How It Works: Restriction Enzymes, Ligase, and Vectors

How It Works: Restriction Enzymes, Ligase, and Vectors

Genetic engineering relies on precise molecular tools to cut, carry, and insert genes. Here is the detailed mechanism:

1. Identify the gene: Scientists locate the gene that codes for the desired protein — for example, the human insulin gene found on chromosome 11.
2. Cut with restriction enzymes: Restriction enzymes act as molecular scissors.
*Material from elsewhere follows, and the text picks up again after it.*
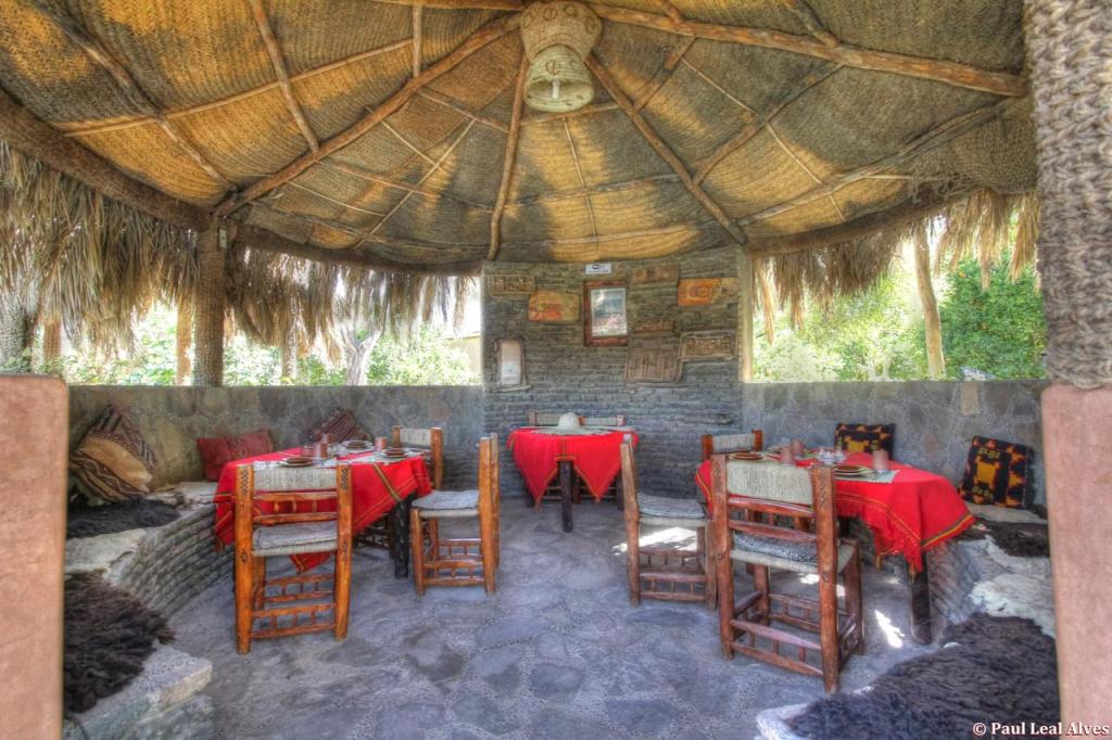 Swimming pool, garden, lounges to relax in and excellent views across the nearby Palmeraie and beyond. Baha Baha serves traditional Moroccan cuisine made with organic products. Guests can dine in the straw hut or in the dining room by the fireplace. A continental breakfast is served daily. They also have a small eco-museum and a library with regional and cultural themed books for guests to read about the region.
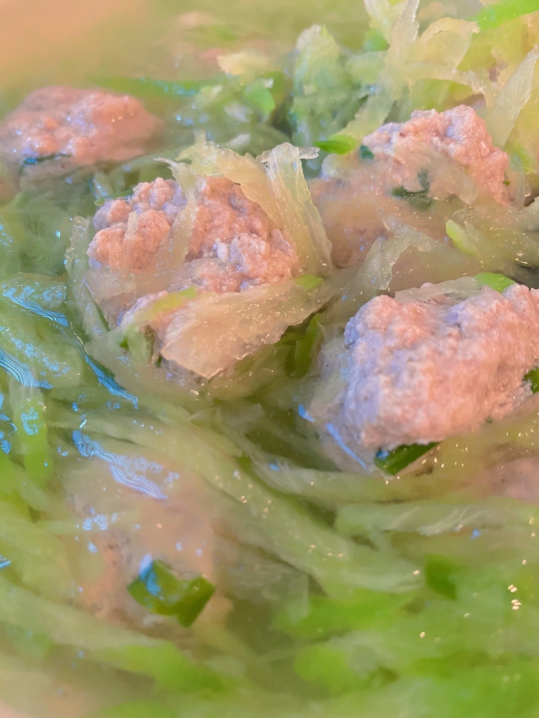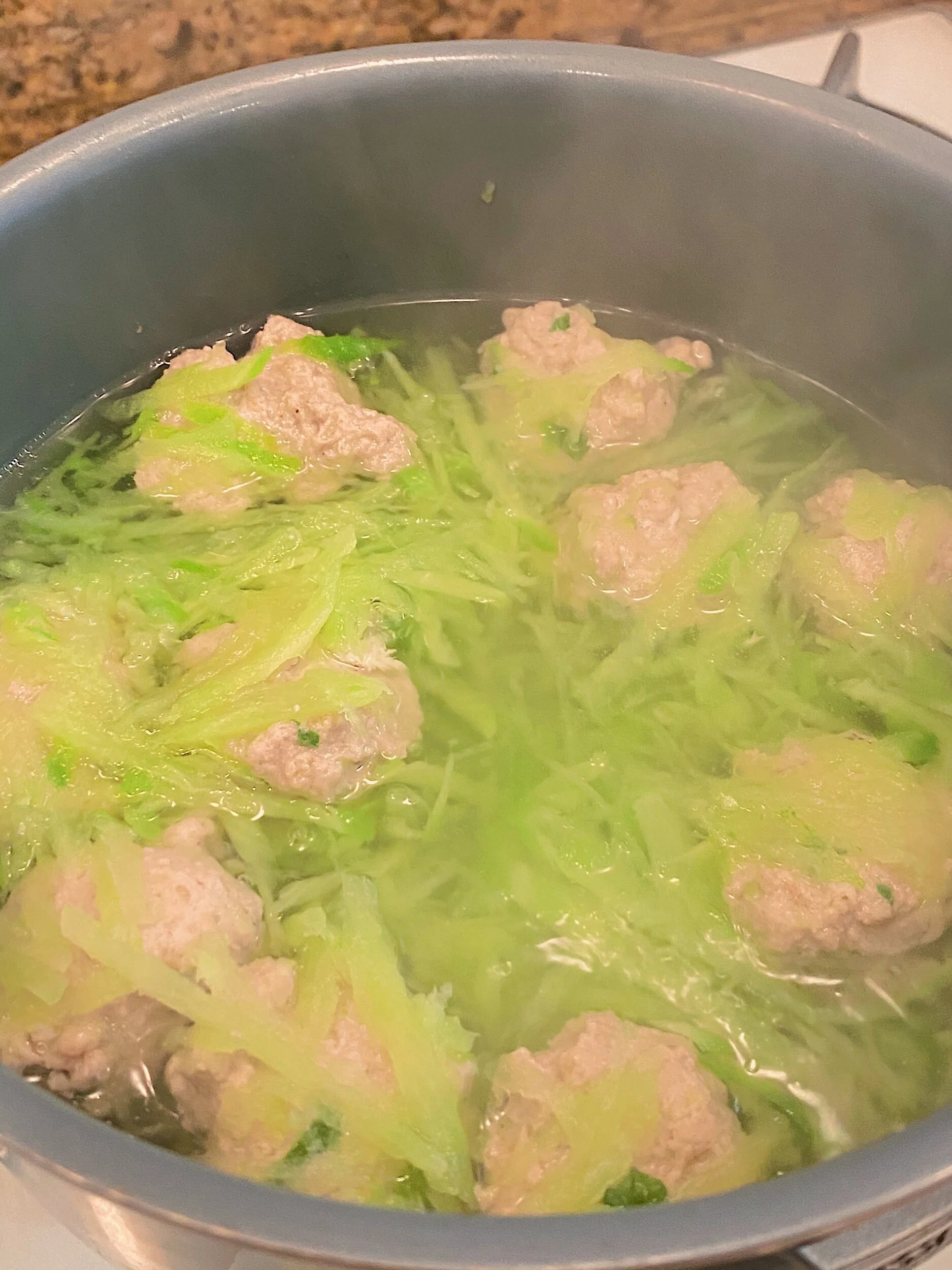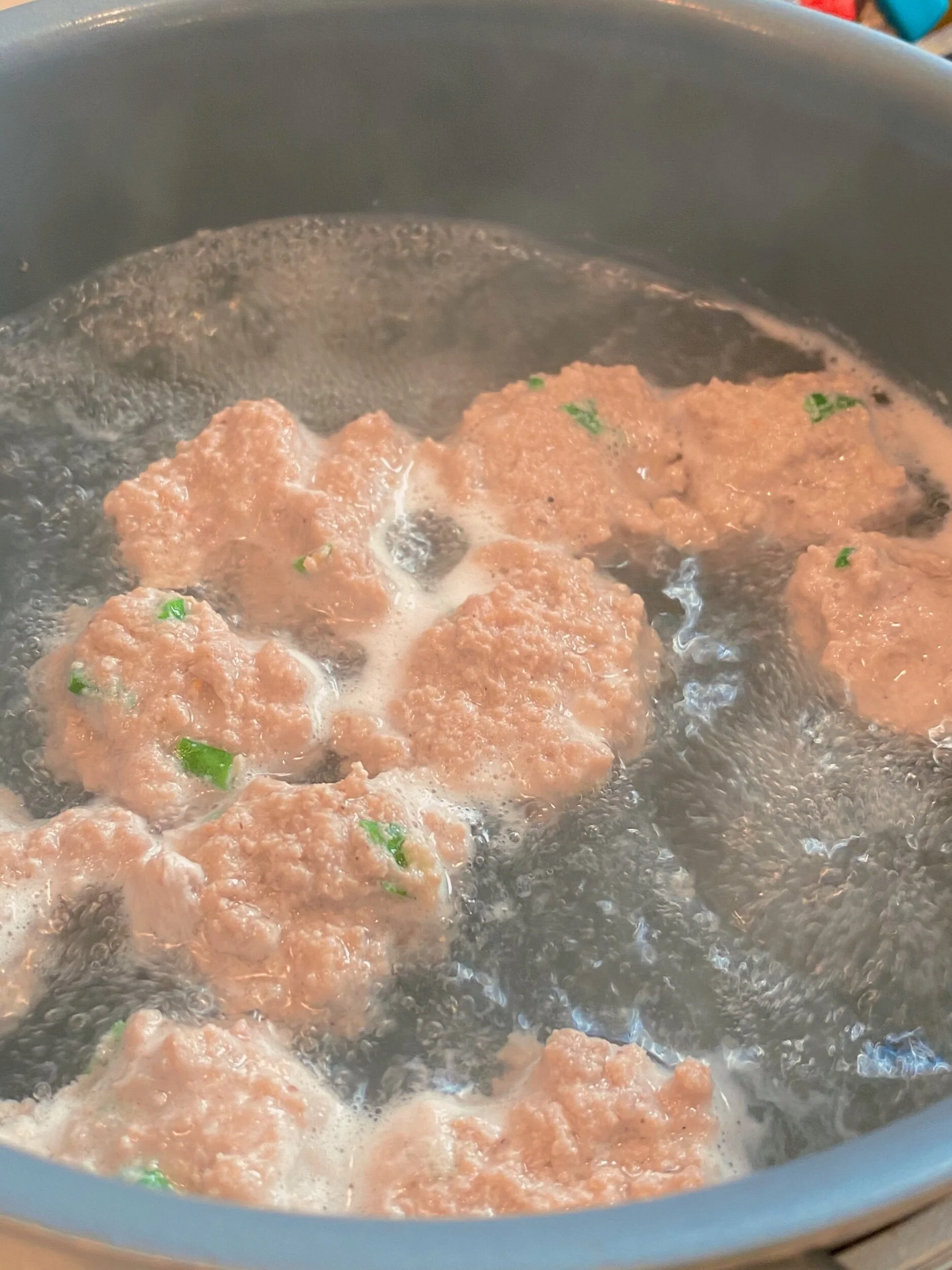 3. Meanwhile, boil a pot of hot water. Pinch off about 1 and 1/2 tablespoon of the meat mixture per meatball, and form into balls. Place the meatballs into the boiling water over medium-high heat for 4-5 minutes. Skim off the white scum on the surface of the soup.

Each restriction enzyme recognises a specific short DNA sequence (restriction site) and cuts through the double strand at that point, leaving "sticky ends" — short single-stranded overhangs that allow complementary DNA to join on.
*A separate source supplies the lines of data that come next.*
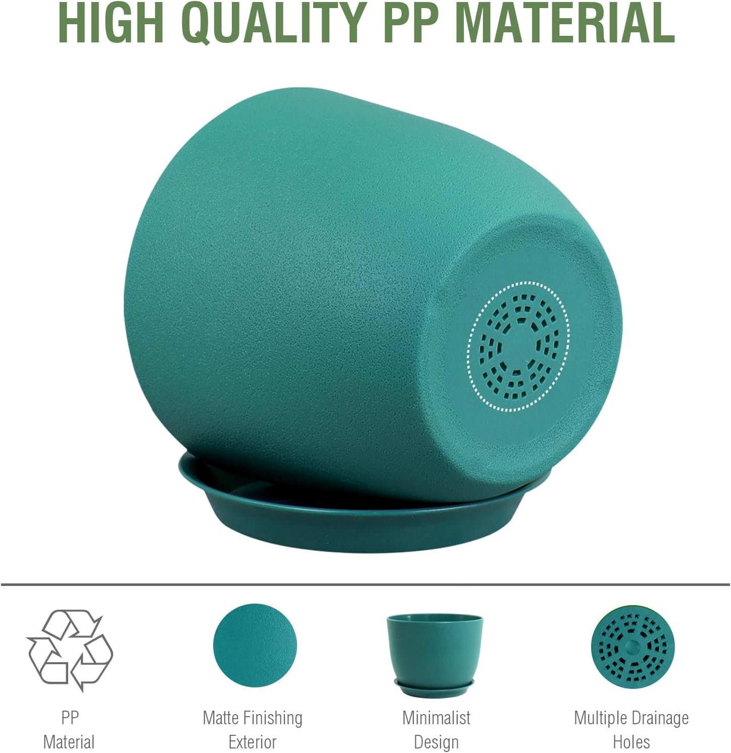 Plant Pots 12 inch, Plastic Planters with Drainage Holes and Saucers, Large Flower Pots for Indoor Outdoor Plants, Modern Decorative Pots for Garden House Plants, Blue Green
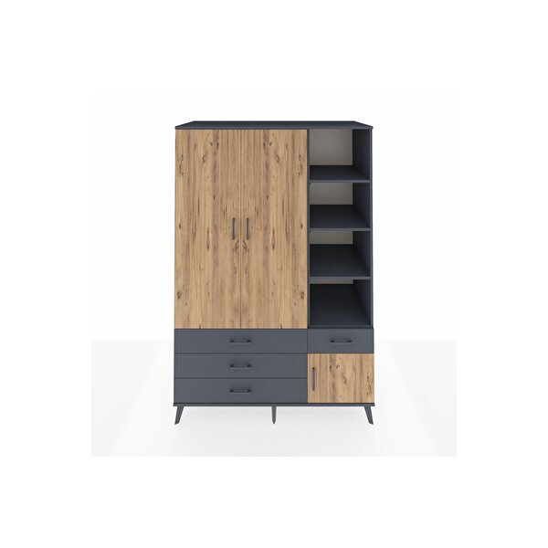 Dienni Mobilya Kronos Dolap 5 Raflı 4 Çekmeceli Tek Askılı 132x59x195 Antrasit-çam/antrasit
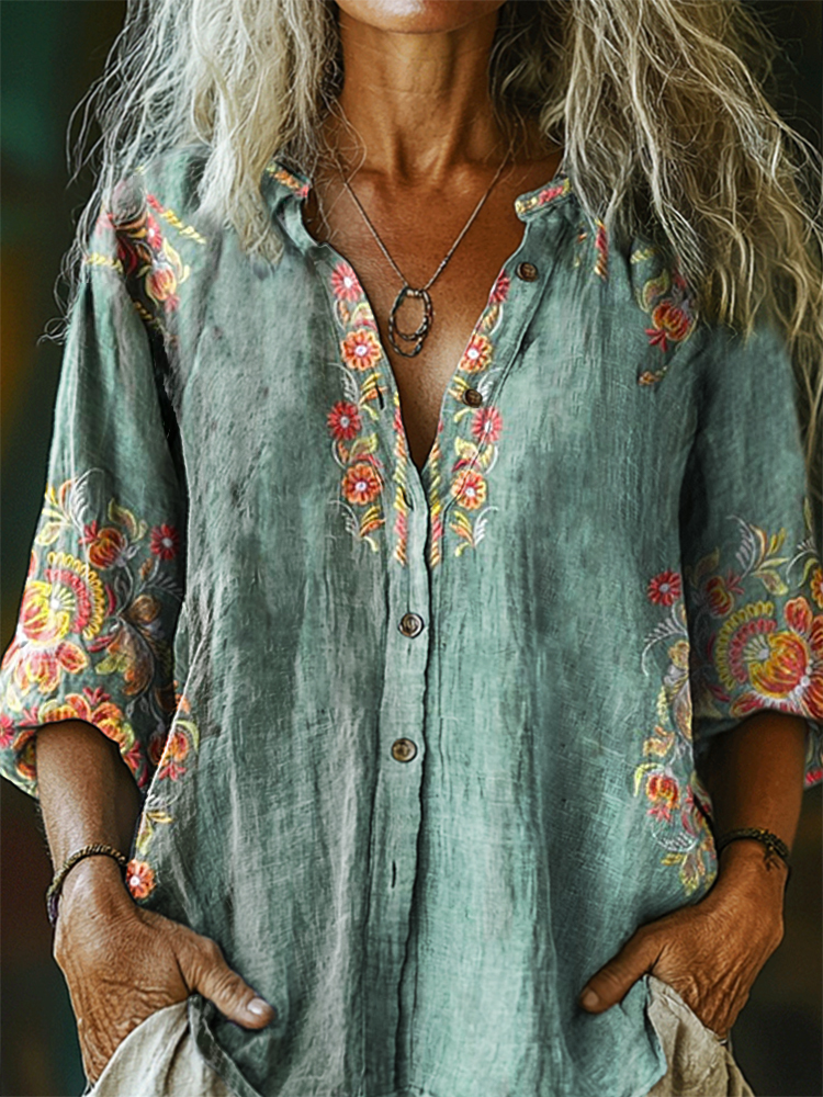 Women's Floral Pattern Art Print Casual Cotton Linen Shirt
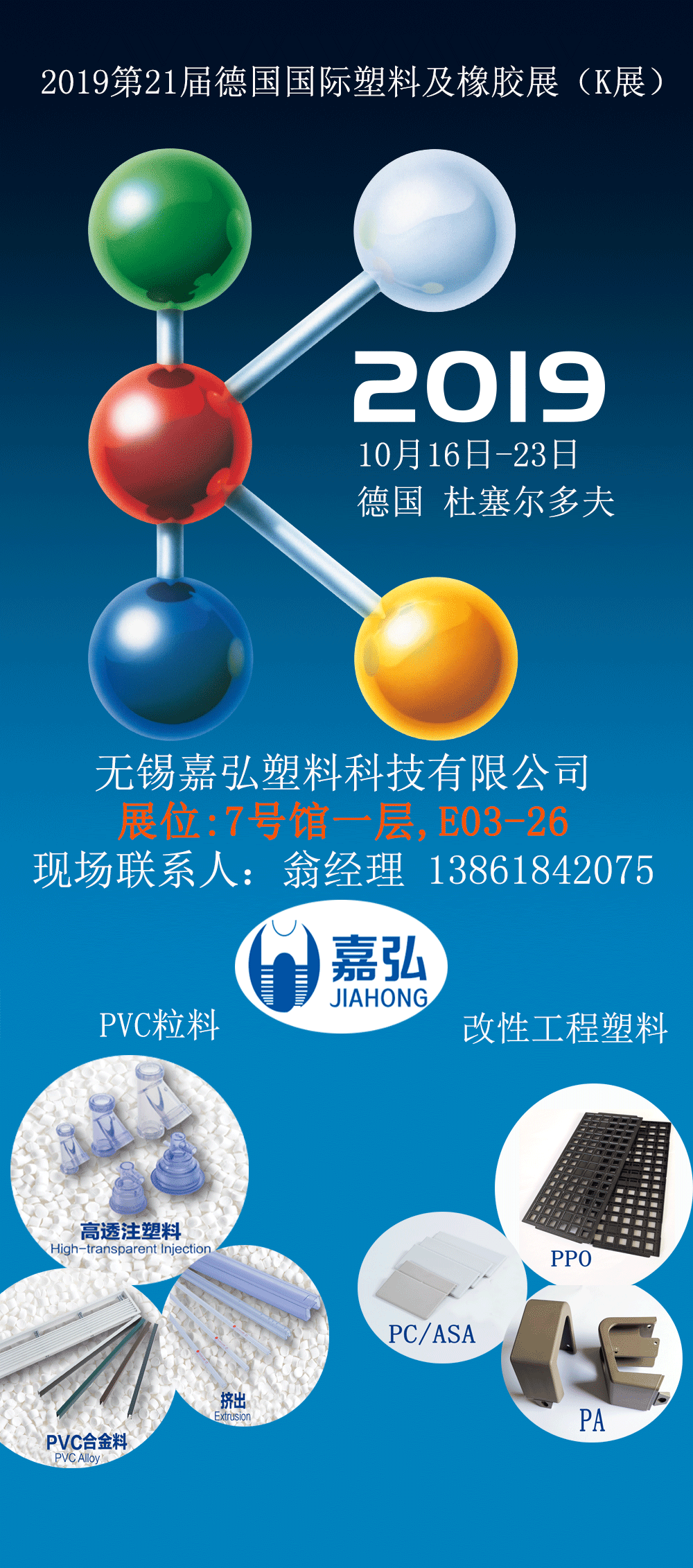 嘉弘塑料的展位號為7號館一層E03-26,歡迎各界新老客戶蒞臨指導(dǎo)!

3. Prepare the vector: A plasmid (a small circular ring of bacterial DNA used as a vector) is cut open with the same restriction enzyme, giving it the same sticky ends.
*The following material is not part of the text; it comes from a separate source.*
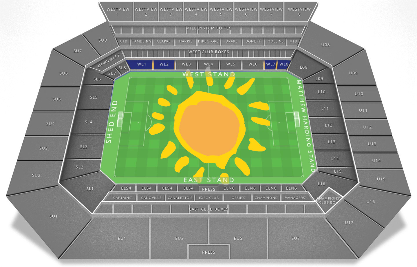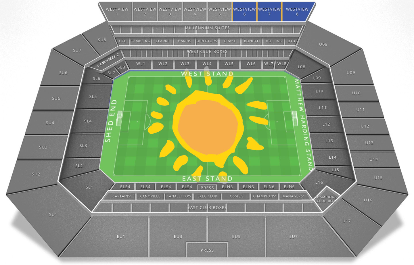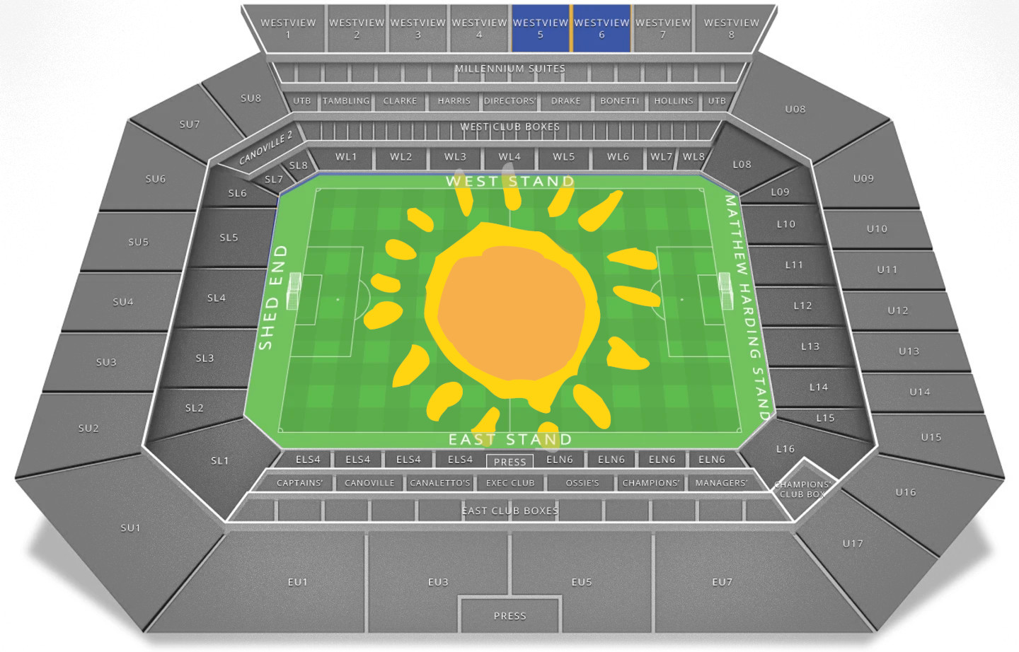 - Gepolsterte Sitzplätze im West Stand, Oberrang, WU6-WU8

4. Insert the gene: The gene with sticky ends is mixed with the open plasmid. Complementary base pairing causes the sticky ends to join. DNA ligase enzyme then permanently seals (ligates) the joins, creating a recombinant plasmid containing the human gene.
5. Transform the host organism: The recombinant plasmid is transferred into bacteria (e.g., Escherichia coli). The bacteria take up the plasmid — this process is called transformation.
6. Expression and harvest: The bacteria transcribe and translate the inserted gene, producing the desired protein. Bacteria are cultured in large fermenters; the protein is extracted and purified. For insulin production, this replaced the older method of extracting insulin from pig or cow pancreases.